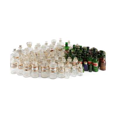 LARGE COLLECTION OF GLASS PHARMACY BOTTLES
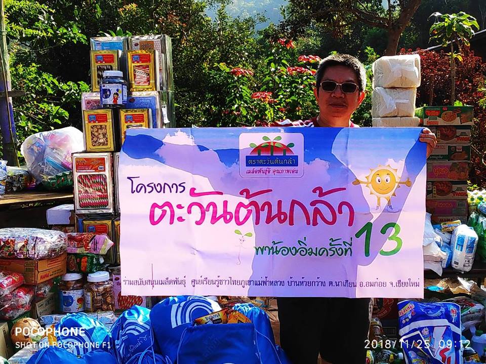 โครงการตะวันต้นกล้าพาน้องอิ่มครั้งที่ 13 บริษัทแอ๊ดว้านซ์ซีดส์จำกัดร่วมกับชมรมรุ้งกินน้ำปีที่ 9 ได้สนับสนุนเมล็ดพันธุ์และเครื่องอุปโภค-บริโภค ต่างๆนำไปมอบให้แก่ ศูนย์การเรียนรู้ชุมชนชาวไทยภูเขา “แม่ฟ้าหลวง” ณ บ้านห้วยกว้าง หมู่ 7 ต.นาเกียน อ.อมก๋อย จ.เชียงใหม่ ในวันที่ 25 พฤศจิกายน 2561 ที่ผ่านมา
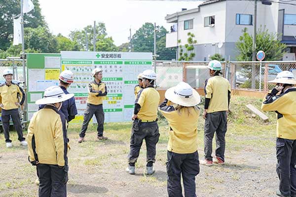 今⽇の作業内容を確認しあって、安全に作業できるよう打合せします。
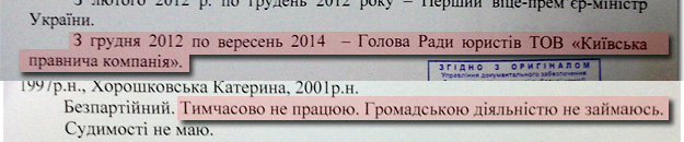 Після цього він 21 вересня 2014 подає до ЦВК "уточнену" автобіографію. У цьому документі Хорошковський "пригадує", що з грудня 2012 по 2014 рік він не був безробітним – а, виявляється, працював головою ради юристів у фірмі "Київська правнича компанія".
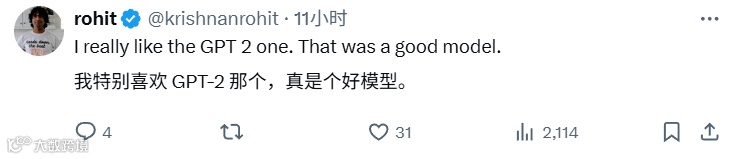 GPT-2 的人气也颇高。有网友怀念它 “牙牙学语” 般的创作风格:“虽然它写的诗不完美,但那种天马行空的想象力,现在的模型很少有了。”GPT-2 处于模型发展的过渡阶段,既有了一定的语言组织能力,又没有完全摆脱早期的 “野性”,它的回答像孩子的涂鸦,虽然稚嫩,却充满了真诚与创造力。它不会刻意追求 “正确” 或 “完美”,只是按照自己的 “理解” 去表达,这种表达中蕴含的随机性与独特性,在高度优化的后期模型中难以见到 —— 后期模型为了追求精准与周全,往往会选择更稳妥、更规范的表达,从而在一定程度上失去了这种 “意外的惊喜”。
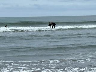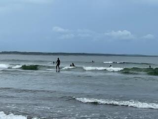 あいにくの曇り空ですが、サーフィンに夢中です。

+ + + + + + +

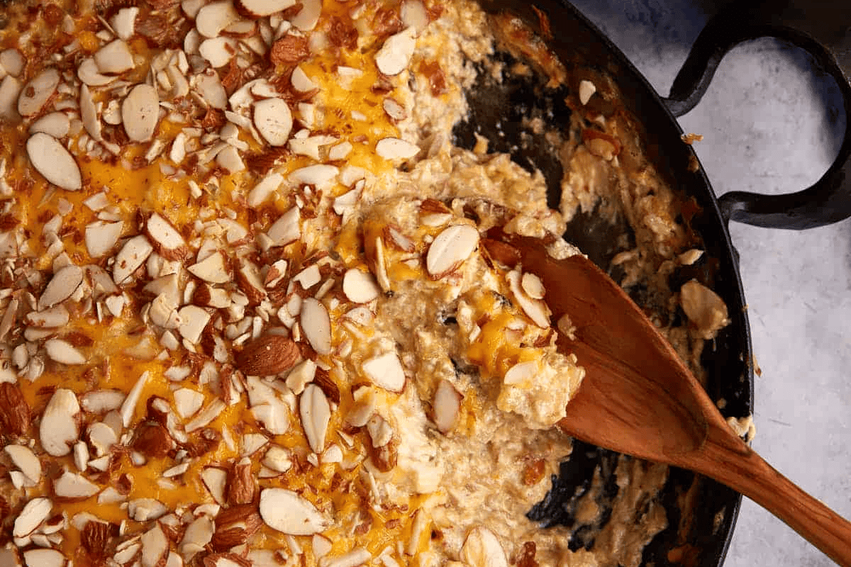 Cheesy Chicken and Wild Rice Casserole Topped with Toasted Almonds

+ + + + + + +

■ Exercise
Look above for the line containing "Після цього він", then write out every line from there down to the line containing "あいにくの曇り空ですが、サーフィンに夢中です。", that line included, with no pictures.

■ Task response
 Після цього він 21 вересня 2014 подає до ЦВК "уточнену" автобіографію. У цьому документі Хорошковський "пригадує", що з грудня 2012 по 2014 рік він не був безробітним – а, виявляється, працював головою ради юристів у фірмі "Київська правнича компанія".
 GPT-2 的人气也颇高。有网友怀念它 “牙牙学语” 般的创作风格:“虽然它写的诗不完美,但那种天马行空的想象力,现在的模型很少有了。”GPT-2 处于模型发展的过渡阶段,既有了一定的语言组织能力,又没有完全摆脱早期的 “野性”,它的回答像孩子的涂鸦,虽然稚嫩,却充满了真诚与创造力。它不会刻意追求 “正确” 或 “完美”,只是按照自己的 “理解” 去表达,这种表达中蕴含的随机性与独特性,在高度优化的后期模型中难以见到 —— 后期模型为了追求精准与周全,往往会选择更稳妥、更规范的表达,从而在一定程度上失去了这种 “意外的惊喜”。
 あいにくの曇り空ですが、サーフィンに夢中です。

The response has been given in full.